A day in the life Muslim man living in the predominantly Hindu city of Coimbatore
Dir: Arun Karthick. India-Netherlands-Singapore. 2020. 78mins
A day in the life of a Muslim man living in Coimbatore, a predominantly Hindu city in Tamil Nadu, Nasir is observational and unsensational in its approach. There is no incremental build of tension, just a generous and nuanced portrait of a simple, decent man scraping a living as a salesman. For Nasir (Koumarane Valavane), the day is just like any other. The abrupt explosion of violence which closes the film is unforeseen by both Nasir and the audience. But also, in some ways, it is inevitable; an indiscriminate rupture to release the tensions stirred by right wing Hindu nationalist rhetoric.
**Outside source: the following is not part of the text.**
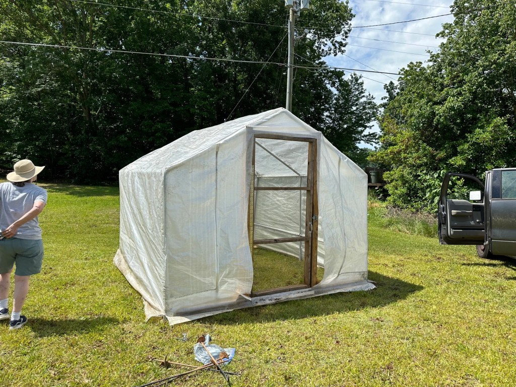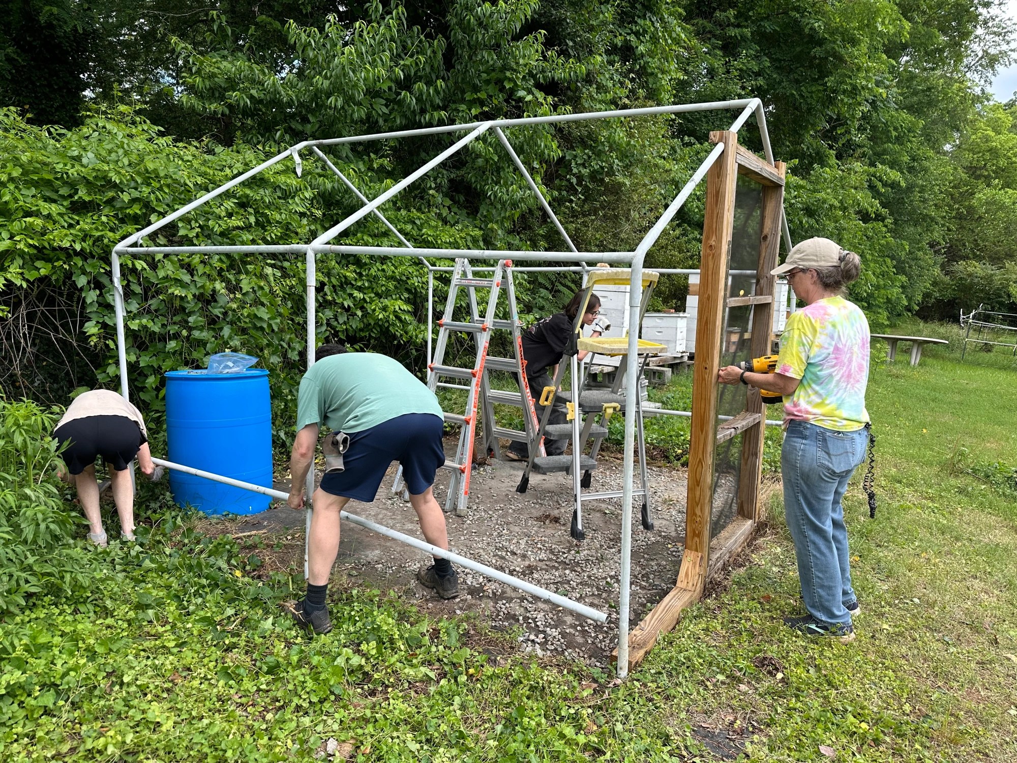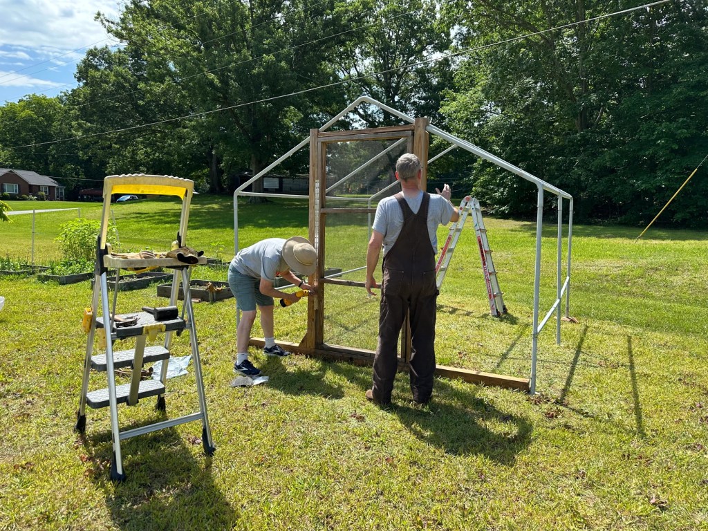 Old Richmond Grange member, Eileen, has donated this wonderful little greenhouse to our community garden. Members gathered in her backyard for the dismantling, the transfer, and ultimately the re-installation next to our raised beds. Wondering what great seedlings we can start in this little hut!
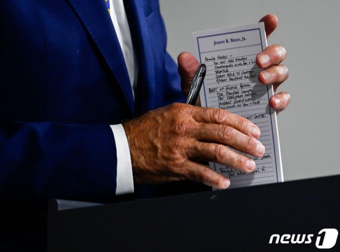 관심은 바이든 후보가 들고 있던 메모지에 쏠렸다. 파란색 줄이 그어진 메모장으로, 바이든은 자신이 발언할 내용을 자필로 메모해 놓았다.

Captured in a boxy aspect ratio which emphasises the subtle sense of pressure from outside of the frame
A self-taught filmmaker from Coimbatore, Arun Karthick returns to Rotterdam with his second feature, having premiered his first film, The Strange Case Of Shiva, at the festival in 2016. Nasir, which was supported by the Hubert Bals Fund and is based on a short story by Dilip Kumar, is a film which will resonate most successfully with festival audiences sophisticated enough to appreciate the film’s expressive cinematography and determined lack of melodrama — or indeed pretty much any drama. It may struggle to assert itself on further afield, but could be of interest to Indian diaspora audiences.
Captured in a boxy aspect ratio which emphasises the subtle sense of pressure from outside of the frame, life in the Muslim neighbourhood where Nasir resides has a easy rhythm. Nasir wakes, kisses his wife Taj (Sudha Ranganathan), checks on his adopted and severely handicapped son. Then he and Taj wordlessly fill water containers for the day’s use before Nasir bids her goodbye. She is leaving the modest home that they share with Nasir’s ailing mother for three days, to attend a family wedding to which, Nasir suspects, she has been invited just to act as an extra pair of hands.
Everything about the film – and about Nasir’s life – is modest. But there is an unassuming power to this sketch of a man whose disarming sweetness and good-humour is reinforced as he patiently rises above the casual anti-Muslim sentiment which spills out onto the streets. Sound design is key here. None of the characters make any acknowledgment of the religious hectoring which is pumped into the city through loudspeakers (Karthick uses actual recordings rather than recreations).
In Nasir’s Muslim neighbourhood, the voices are those of browbeating Imams; elsewhere the voices rant about the “trial” facing the Hindu faith, and the “scumbags” who threaten mother India. But although Nasir tunes it out, anti-Muslim sentiment soaks into the fabric of everyday life. His Hindu colleagues at the garment store where he works joke that “the Muslims should fear us, otherwise they will take over.”
There are rumours of unrest but Nasir, like everyone else in the city, carries on as normal. He is preoccupied by composing a letter to his wife. This, recounted in a melodic voice over, together with the poems that Nasir recites for his co-workers, paints him as a sensitive soul making the most of the quotidian grind of a simple life. In perhaps an unnecessarily forceful contrast, the Hindu characters tend to be portrayed as cruder, less refined individuals. But this doesn’t undermine the potent message of the picture: that the consequences of the violence of Hindu extremists (which, in real life, flared up in Coimbatore in 2016) are indiscriminate and devastating.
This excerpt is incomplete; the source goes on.